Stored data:
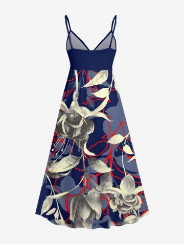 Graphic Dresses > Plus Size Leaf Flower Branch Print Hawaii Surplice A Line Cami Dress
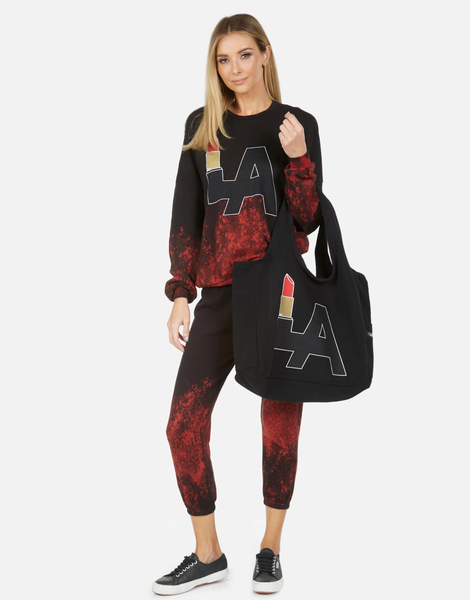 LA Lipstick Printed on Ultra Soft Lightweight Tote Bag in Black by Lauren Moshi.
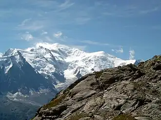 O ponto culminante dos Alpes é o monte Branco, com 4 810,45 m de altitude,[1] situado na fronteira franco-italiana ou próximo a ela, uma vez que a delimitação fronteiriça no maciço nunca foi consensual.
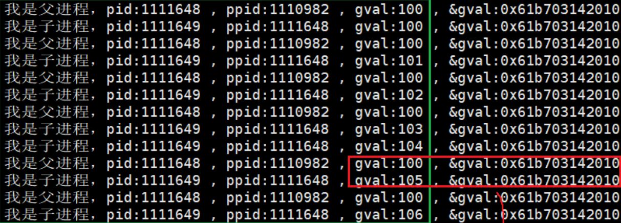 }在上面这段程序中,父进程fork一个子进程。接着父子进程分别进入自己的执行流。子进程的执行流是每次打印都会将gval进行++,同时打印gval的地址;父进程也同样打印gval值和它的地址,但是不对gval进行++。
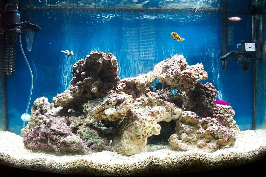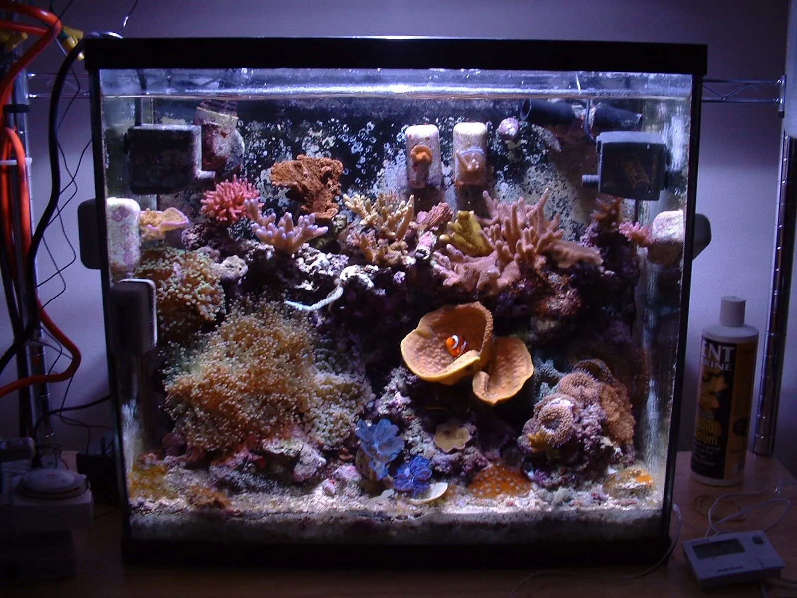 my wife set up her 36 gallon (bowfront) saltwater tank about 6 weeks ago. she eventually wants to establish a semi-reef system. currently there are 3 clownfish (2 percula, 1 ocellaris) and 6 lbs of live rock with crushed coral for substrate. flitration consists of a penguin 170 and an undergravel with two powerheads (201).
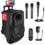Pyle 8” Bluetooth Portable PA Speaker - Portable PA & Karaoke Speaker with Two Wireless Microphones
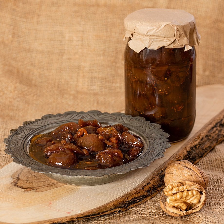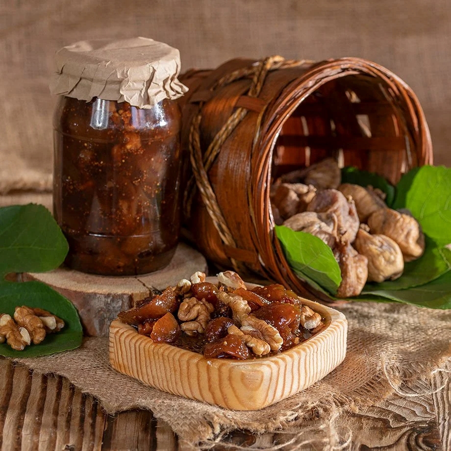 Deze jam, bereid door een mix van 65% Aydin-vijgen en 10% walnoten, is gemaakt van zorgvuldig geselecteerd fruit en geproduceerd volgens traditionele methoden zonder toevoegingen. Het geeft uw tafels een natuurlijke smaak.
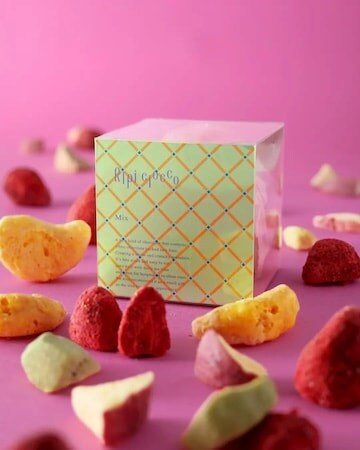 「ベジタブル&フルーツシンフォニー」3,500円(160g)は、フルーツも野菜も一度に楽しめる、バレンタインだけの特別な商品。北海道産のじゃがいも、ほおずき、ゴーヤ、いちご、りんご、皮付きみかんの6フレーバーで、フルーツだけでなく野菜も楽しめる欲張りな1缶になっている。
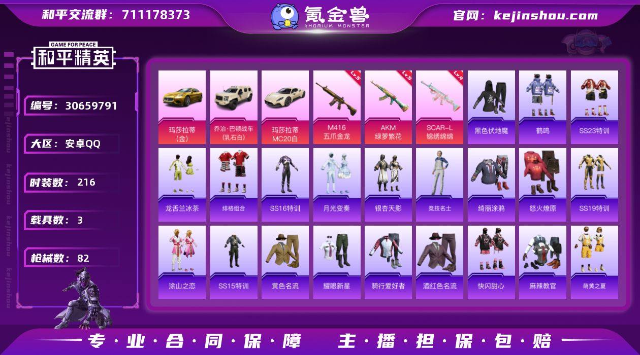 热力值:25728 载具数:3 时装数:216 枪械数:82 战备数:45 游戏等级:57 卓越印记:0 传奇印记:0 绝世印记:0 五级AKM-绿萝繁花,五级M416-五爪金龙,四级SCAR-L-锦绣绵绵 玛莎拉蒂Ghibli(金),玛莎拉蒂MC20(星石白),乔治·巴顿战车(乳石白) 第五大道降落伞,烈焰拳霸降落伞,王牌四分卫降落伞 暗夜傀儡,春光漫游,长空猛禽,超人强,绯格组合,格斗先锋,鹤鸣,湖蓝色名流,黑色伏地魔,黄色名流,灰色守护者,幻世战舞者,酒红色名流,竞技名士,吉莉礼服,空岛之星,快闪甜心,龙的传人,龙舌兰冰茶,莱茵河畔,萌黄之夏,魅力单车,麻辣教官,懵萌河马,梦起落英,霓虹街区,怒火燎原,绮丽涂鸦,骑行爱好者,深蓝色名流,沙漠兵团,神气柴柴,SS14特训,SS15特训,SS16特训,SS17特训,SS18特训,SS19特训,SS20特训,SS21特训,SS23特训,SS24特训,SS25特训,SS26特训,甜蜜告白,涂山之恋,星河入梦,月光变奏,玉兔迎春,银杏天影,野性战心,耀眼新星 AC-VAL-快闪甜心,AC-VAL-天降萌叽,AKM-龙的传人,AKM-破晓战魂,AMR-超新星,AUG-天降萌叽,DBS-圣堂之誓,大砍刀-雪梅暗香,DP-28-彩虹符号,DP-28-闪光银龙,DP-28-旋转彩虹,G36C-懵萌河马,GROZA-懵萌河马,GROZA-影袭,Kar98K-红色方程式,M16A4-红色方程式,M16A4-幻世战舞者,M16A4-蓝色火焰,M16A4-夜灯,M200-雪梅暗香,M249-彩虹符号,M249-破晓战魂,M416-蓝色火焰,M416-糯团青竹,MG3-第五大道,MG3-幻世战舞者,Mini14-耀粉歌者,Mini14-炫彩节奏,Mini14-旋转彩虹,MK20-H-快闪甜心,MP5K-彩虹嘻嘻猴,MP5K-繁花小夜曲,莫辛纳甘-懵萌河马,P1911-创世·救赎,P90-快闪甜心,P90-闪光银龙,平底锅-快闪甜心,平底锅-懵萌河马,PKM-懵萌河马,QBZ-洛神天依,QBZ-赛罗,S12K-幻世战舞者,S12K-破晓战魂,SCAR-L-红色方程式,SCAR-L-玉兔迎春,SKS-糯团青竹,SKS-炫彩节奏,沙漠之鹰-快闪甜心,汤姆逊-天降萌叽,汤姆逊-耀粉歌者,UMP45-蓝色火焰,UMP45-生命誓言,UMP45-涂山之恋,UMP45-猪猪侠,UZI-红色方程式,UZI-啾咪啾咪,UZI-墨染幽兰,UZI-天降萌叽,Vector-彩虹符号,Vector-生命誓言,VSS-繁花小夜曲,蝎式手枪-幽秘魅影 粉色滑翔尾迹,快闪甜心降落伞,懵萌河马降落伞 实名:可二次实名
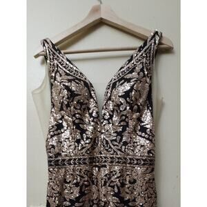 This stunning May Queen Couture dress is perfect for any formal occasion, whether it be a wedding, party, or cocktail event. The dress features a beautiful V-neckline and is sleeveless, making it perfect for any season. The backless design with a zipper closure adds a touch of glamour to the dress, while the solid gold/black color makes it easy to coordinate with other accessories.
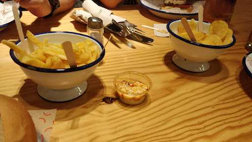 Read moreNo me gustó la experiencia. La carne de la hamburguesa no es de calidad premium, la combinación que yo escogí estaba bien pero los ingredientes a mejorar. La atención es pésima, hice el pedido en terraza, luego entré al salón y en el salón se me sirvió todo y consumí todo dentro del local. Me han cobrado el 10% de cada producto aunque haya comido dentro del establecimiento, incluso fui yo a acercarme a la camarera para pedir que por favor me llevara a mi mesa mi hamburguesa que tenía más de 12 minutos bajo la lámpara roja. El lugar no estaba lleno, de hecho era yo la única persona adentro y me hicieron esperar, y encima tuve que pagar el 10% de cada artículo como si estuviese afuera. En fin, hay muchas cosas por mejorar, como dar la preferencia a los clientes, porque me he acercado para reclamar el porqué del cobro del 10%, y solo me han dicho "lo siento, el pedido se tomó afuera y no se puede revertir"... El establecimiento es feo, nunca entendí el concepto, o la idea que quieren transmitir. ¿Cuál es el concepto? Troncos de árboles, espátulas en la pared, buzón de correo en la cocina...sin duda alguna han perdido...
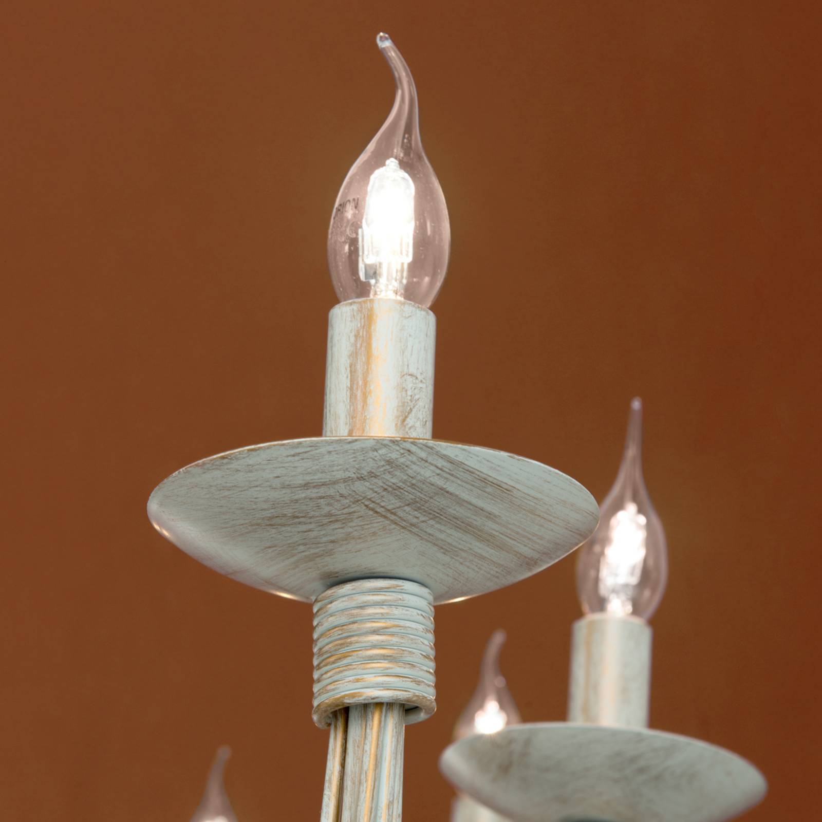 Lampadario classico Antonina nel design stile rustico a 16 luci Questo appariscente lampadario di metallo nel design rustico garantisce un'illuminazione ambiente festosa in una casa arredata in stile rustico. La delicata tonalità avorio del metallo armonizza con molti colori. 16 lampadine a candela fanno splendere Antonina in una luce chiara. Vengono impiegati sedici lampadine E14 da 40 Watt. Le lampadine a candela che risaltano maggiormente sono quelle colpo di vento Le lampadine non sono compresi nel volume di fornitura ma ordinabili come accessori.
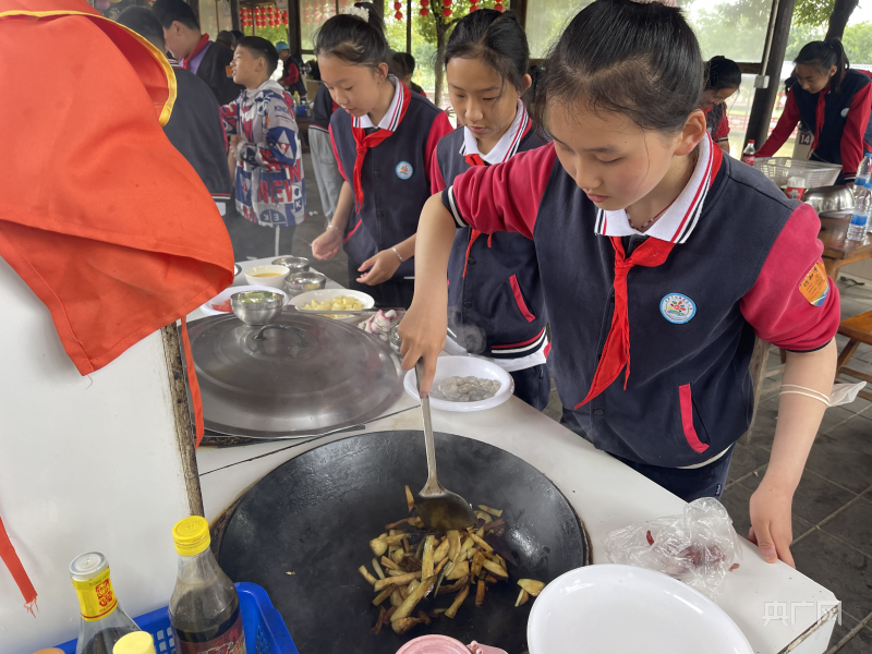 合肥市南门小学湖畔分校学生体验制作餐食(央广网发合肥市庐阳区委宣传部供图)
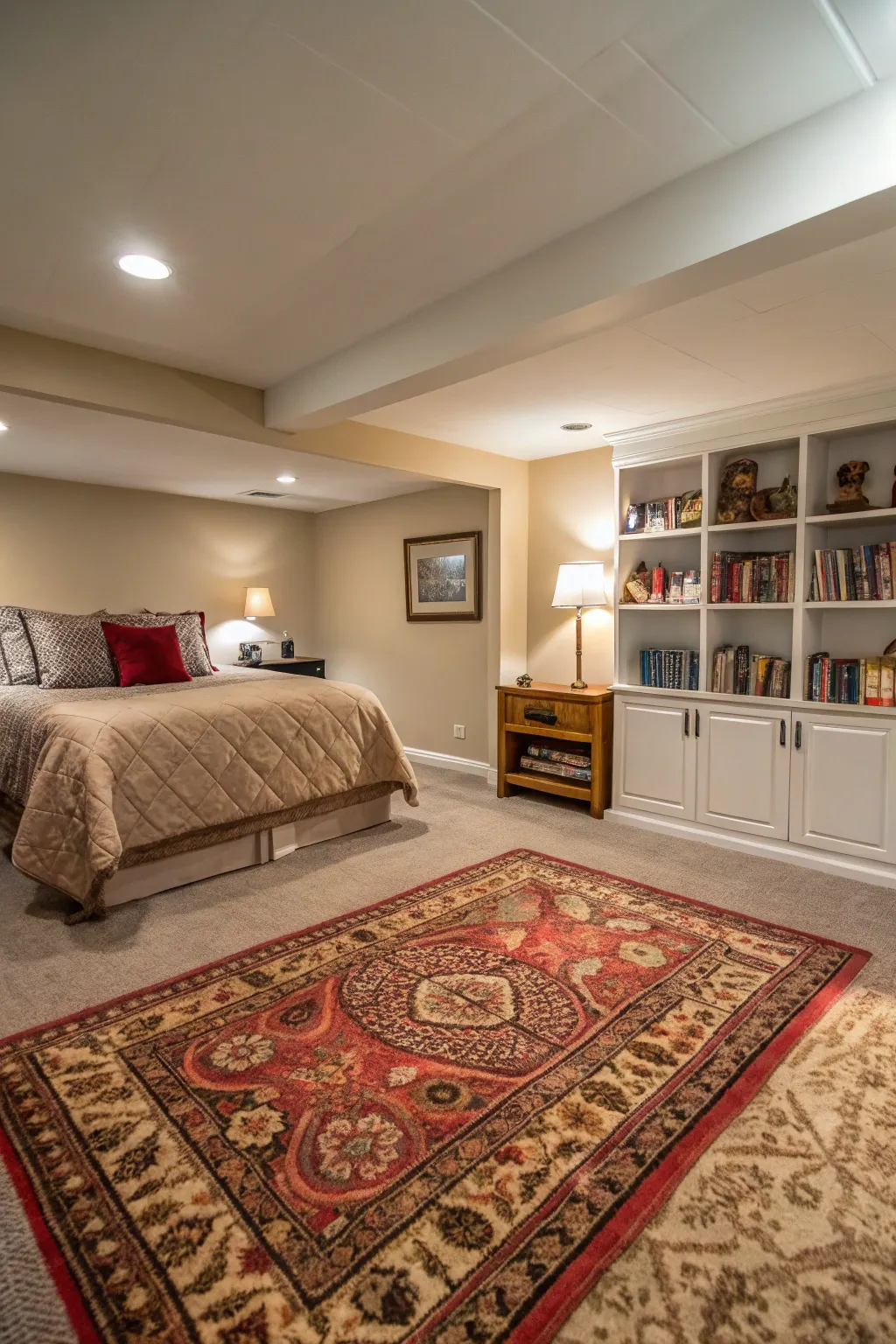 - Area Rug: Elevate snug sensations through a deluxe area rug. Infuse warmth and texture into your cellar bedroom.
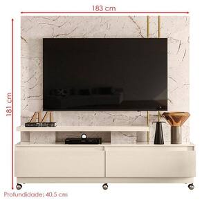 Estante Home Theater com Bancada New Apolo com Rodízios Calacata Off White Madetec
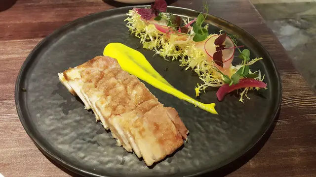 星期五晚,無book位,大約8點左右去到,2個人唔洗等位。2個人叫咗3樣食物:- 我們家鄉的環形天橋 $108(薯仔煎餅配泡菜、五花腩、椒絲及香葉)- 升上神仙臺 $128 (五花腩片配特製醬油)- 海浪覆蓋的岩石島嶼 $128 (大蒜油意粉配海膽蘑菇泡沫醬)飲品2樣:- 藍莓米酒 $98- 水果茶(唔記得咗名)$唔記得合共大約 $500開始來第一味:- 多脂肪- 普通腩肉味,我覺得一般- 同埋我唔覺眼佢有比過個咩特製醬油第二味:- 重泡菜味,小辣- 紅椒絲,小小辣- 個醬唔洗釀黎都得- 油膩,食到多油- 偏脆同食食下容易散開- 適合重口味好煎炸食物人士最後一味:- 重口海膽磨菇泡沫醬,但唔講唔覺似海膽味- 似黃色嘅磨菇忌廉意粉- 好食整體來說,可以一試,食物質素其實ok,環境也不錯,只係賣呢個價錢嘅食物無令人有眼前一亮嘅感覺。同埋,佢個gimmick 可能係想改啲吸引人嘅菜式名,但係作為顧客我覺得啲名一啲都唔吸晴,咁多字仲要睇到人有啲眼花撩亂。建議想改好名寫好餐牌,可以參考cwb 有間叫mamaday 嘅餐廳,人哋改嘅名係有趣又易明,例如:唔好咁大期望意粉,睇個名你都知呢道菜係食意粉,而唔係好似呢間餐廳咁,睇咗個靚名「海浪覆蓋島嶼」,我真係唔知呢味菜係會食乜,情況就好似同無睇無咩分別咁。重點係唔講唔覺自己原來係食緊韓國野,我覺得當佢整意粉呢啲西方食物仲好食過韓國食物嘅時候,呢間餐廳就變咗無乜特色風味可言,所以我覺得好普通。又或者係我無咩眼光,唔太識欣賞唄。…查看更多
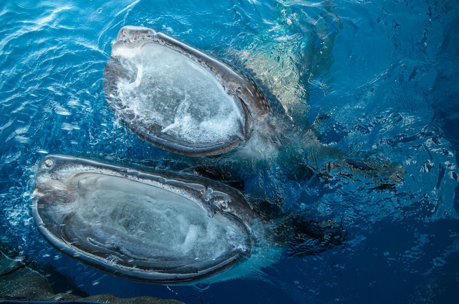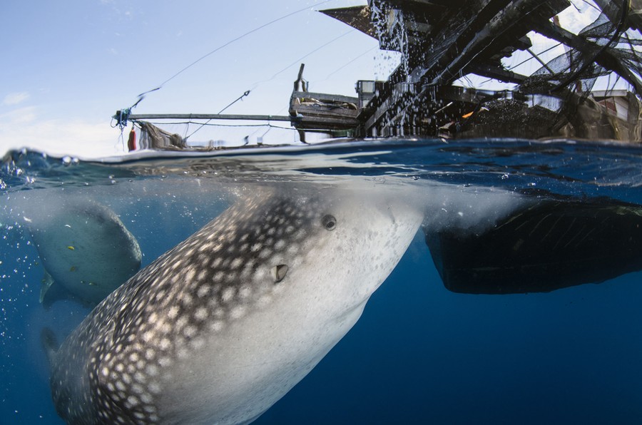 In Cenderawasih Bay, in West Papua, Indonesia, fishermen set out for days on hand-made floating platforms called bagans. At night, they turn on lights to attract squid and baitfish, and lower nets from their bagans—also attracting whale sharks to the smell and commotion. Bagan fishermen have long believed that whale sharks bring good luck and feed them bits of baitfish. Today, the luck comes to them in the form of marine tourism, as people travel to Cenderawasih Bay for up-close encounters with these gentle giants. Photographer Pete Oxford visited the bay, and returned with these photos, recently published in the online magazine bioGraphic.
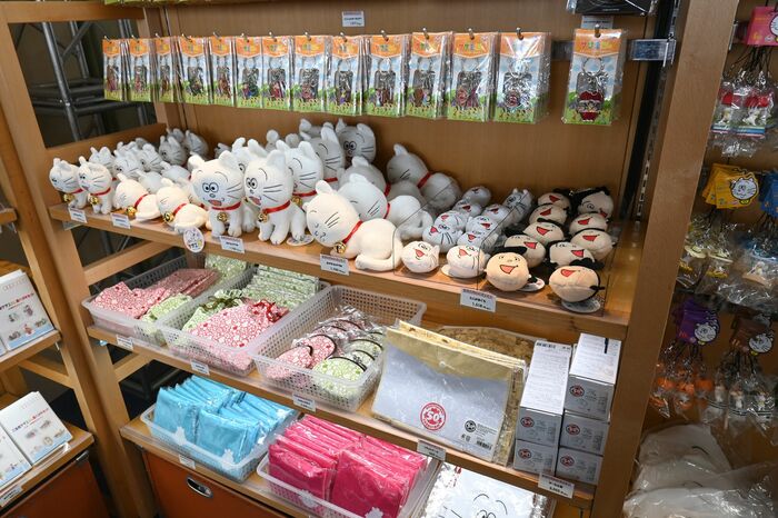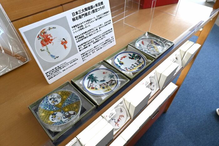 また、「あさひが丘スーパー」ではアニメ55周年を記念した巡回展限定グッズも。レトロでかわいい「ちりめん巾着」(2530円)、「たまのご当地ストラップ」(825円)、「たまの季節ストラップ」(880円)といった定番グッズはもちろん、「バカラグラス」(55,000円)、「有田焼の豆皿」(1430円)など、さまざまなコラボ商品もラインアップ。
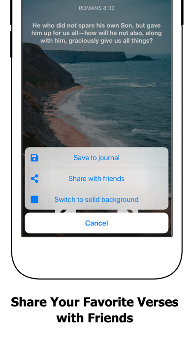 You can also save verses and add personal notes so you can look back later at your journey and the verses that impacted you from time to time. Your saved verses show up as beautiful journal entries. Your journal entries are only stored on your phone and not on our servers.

= What is needed =
What's needed is an exact copy of the lines above from the one with "This stunning May" through the one with "Read moreNo me", both included; the pictures stay out.

= Finished task =
 This stunning May Queen Couture dress is perfect for any formal occasion, whether it be a wedding, party, or cocktail event. The dress features a beautiful V-neckline and is sleeveless, making it perfect for any season. The backless design with a zipper closure adds a touch of glamour to the dress, while the solid gold/black color makes it easy to coordinate with other accessories.
 Read moreNo me gustó la experiencia. La carne de la hamburguesa no es de calidad premium, la combinación que yo escogí estaba bien pero los ingredientes a mejorar. La atención es pésima, hice el pedido en terraza, luego entré al salón y en el salón se me sirvió todo y consumí todo dentro del local. Me han cobrado el 10% de cada producto aunque haya comido dentro del establecimiento, incluso fui yo a acercarme a la camarera para pedir que por favor me llevara a mi mesa mi hamburguesa que tenía más de 12 minutos bajo la lámpara roja. El lugar no estaba lleno, de hecho era yo la única persona adentro y me hicieron esperar, y encima tuve que pagar el 10% de cada artículo como si estuviese afuera. En fin, hay muchas cosas por mejorar, como dar la preferencia a los clientes, porque me he acercado para reclamar el porqué del cobro del 10%, y solo me han dicho "lo siento, el pedido se tomó afuera y no se puede revertir"... El establecimiento es feo, nunca entendí el concepto, o la idea que quieren transmitir. ¿Cuál es el concepto? Troncos de árboles, espátulas en la pared, buzón de correo en la cocina...sin duda alguna han perdido...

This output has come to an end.